------ INFORMATION SUPPLIED ------

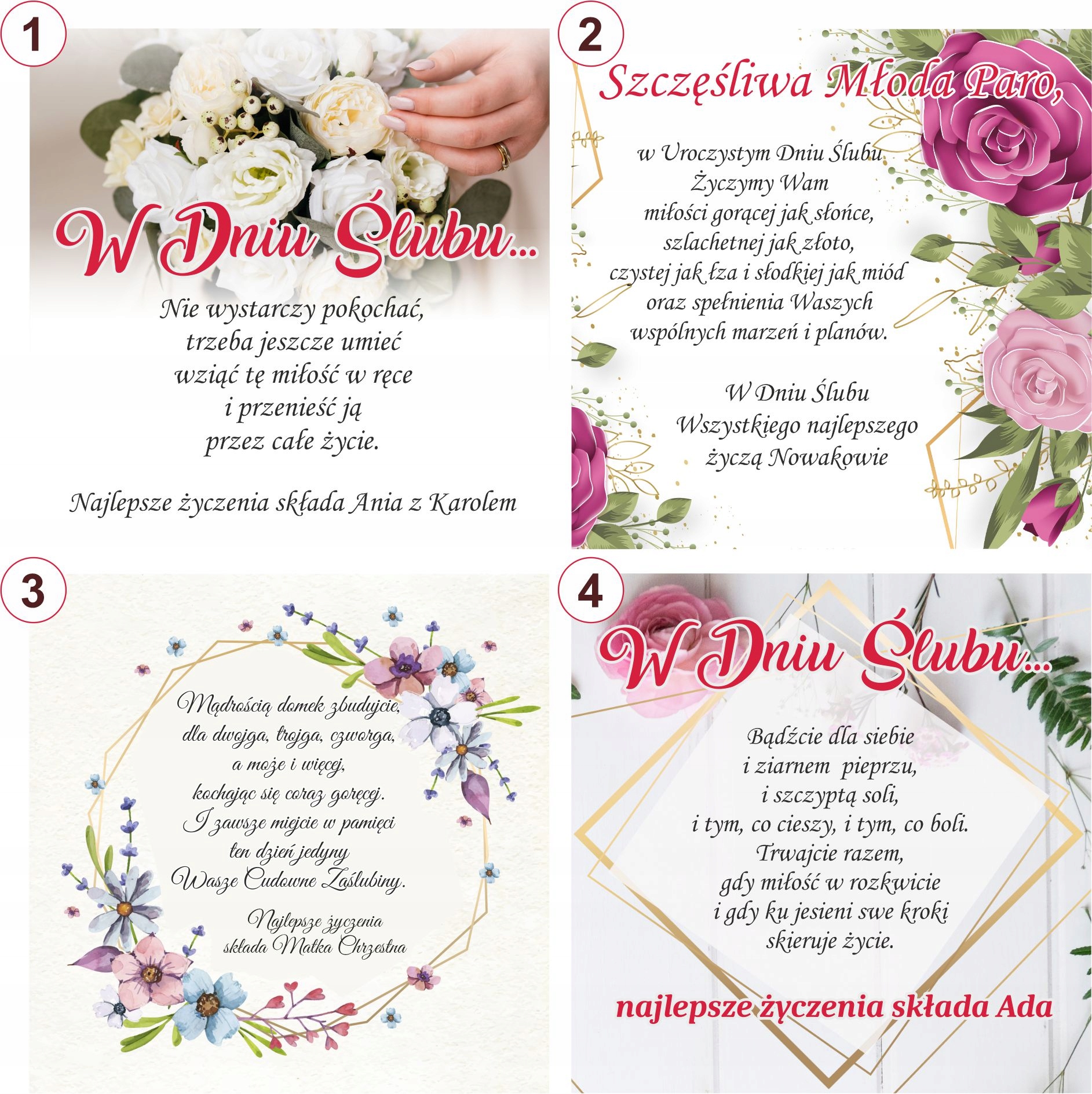 - podaj dane - data ślubu, kto wręcza upominek
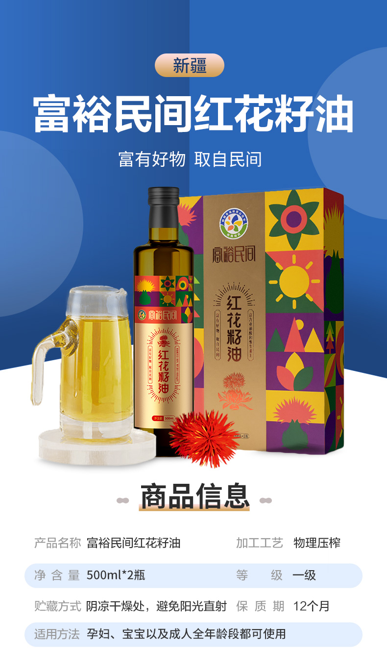 富裕明间红花籽油500ml*2
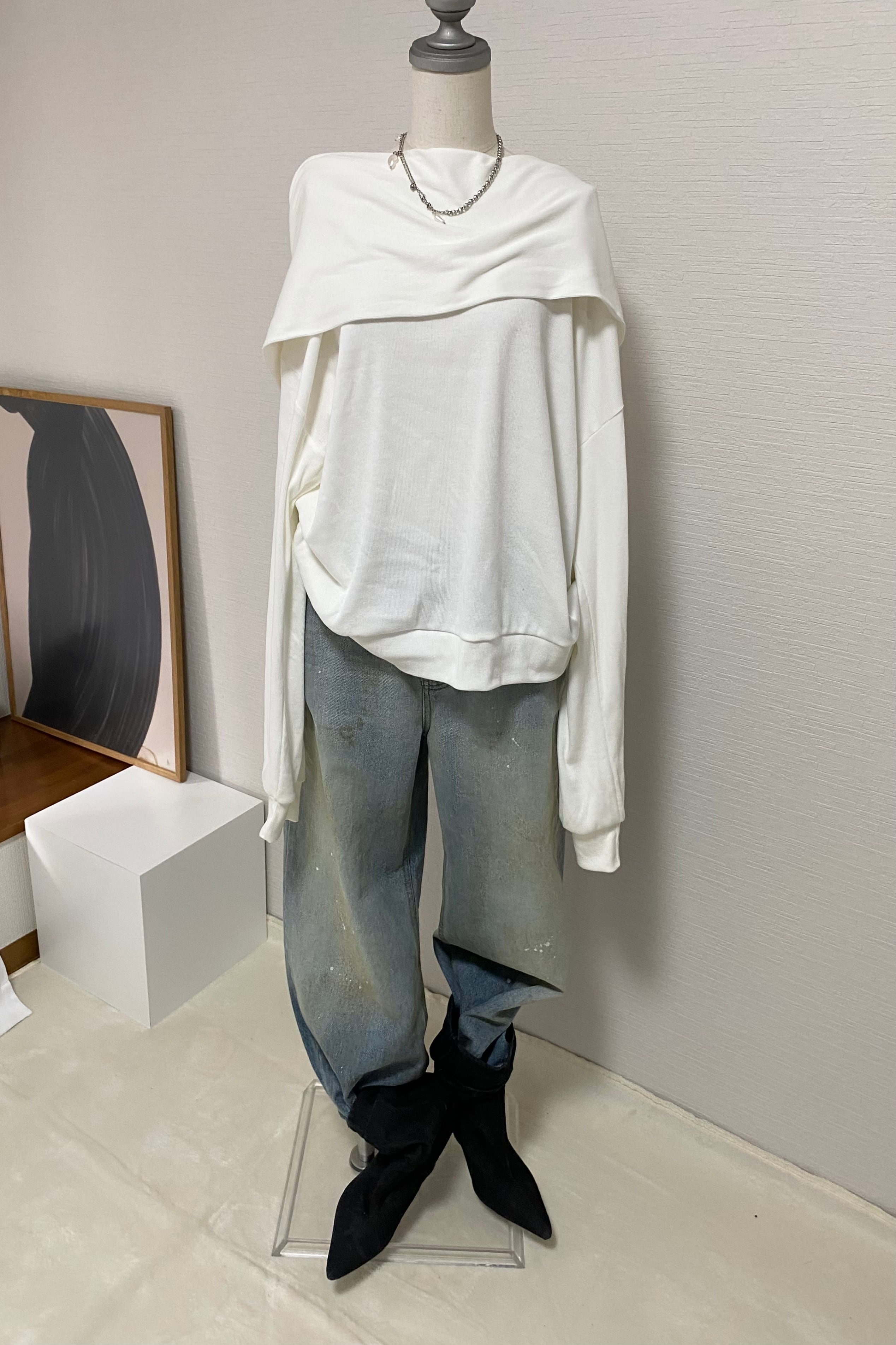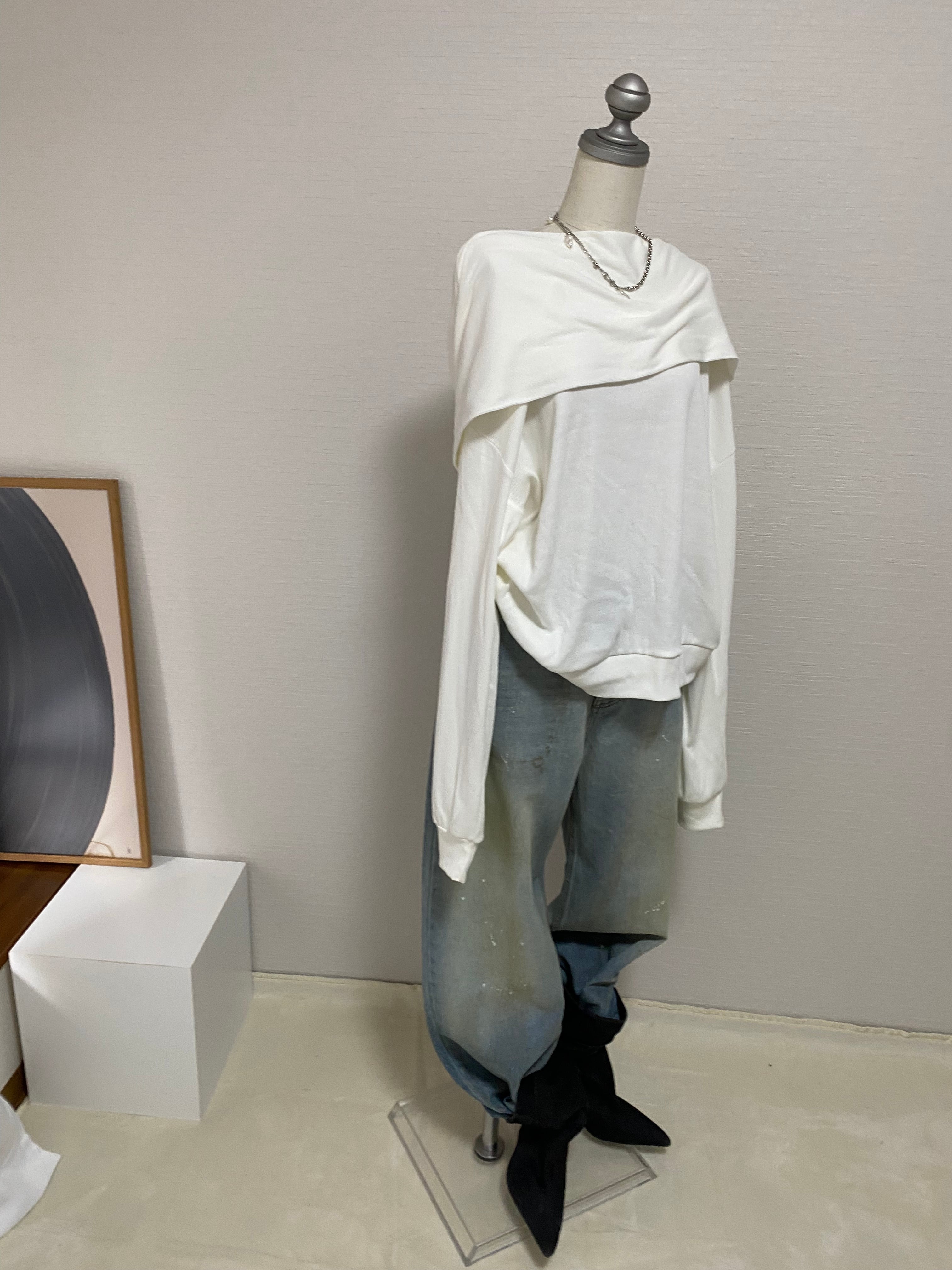 大きめのネックデザインで オフショルダーとしても着用できるデザインになっており、ラフな抜け感のあるスタイリングを楽しめます。
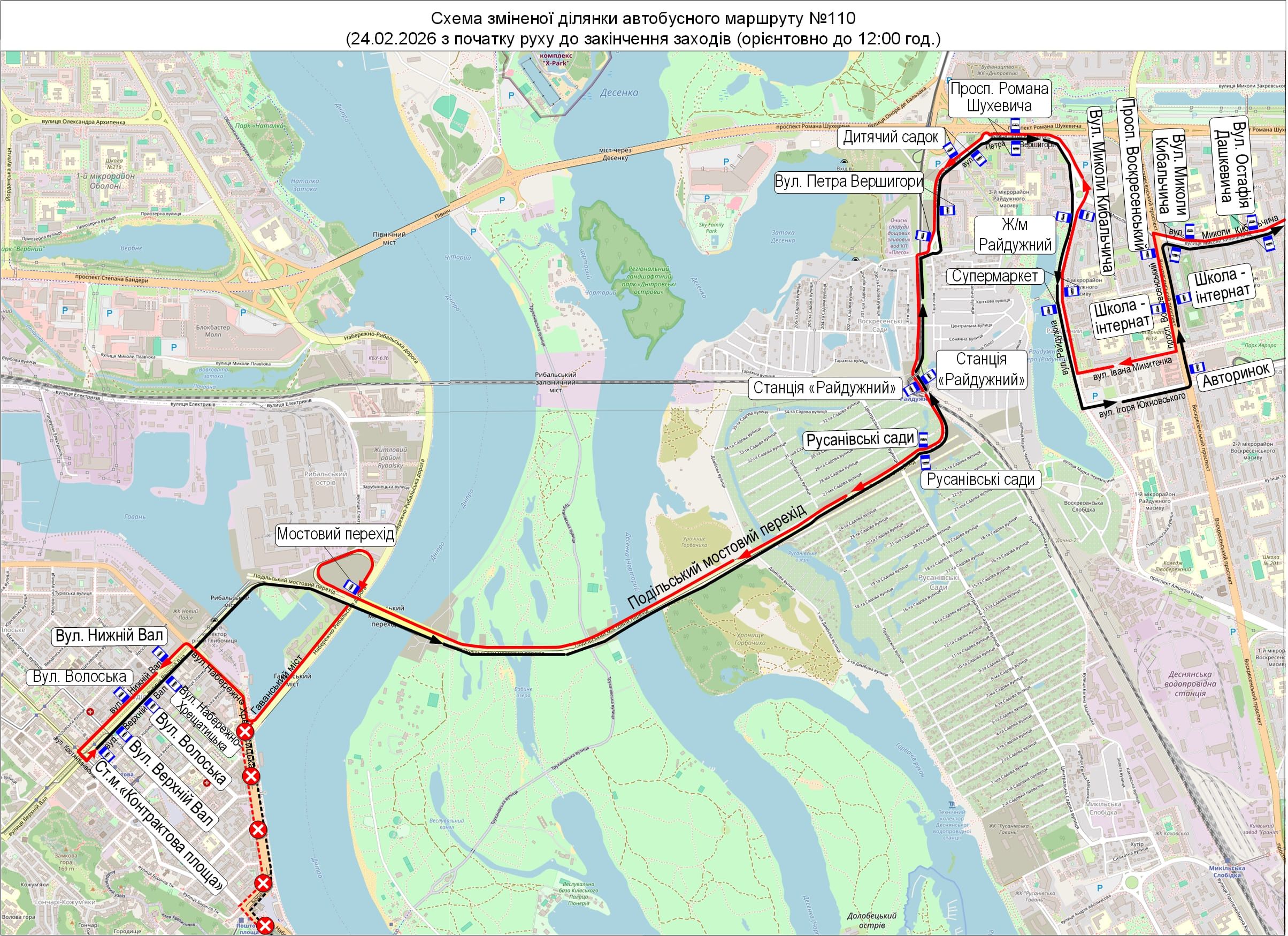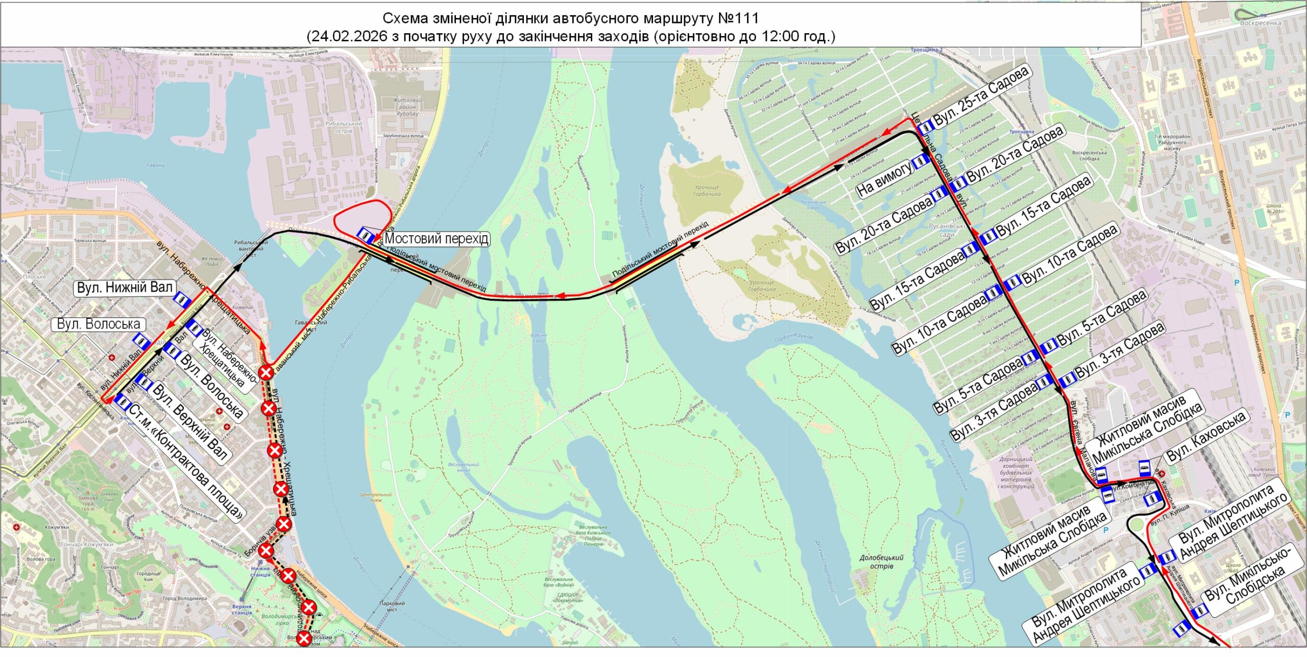- автобуси № 110 та № 111 – від вул. Милославської та Дарницької площі до Гаванського мосту за звичними маршрутами, далі – вул. Набережно-Хрещатицька, вул. Нижній Вал, вул. Костянтинівська, вул. Верхній Вал, станція метро Контрактова площа. У зворотному напрямку – вул. Верхній Вал – Подільський мостовий перехід – далі за звичними маршрутами (під номерами 110А та 111А, орієнтовно до 12:00);

------

_WHAT TO DO_
Print the material above once more, exactly, minus the pictures.

_RESULT BELOW_
 - podaj dane - data ślubu, kto wręcza upominek
 富裕明间红花籽油500ml*2
 大きめのネックデザインで オフショルダーとしても着用できるデザインになっており、ラフな抜け感のあるスタイリングを楽しめます。
- автобуси № 110 та № 111 – від вул. Милославської та Дарницької площі до Гаванського мосту за звичними маршрутами, далі – вул. Набережно-Хрещатицька, вул. Нижній Вал, вул. Костянтинівська, вул. Верхній Вал, станція метро Контрактова площа. У зворотному напрямку – вул. Верхній Вал – Подільський мостовий перехід – далі за звичними маршрутами (під номерами 110А та 111А, орієнтовно до 12:00);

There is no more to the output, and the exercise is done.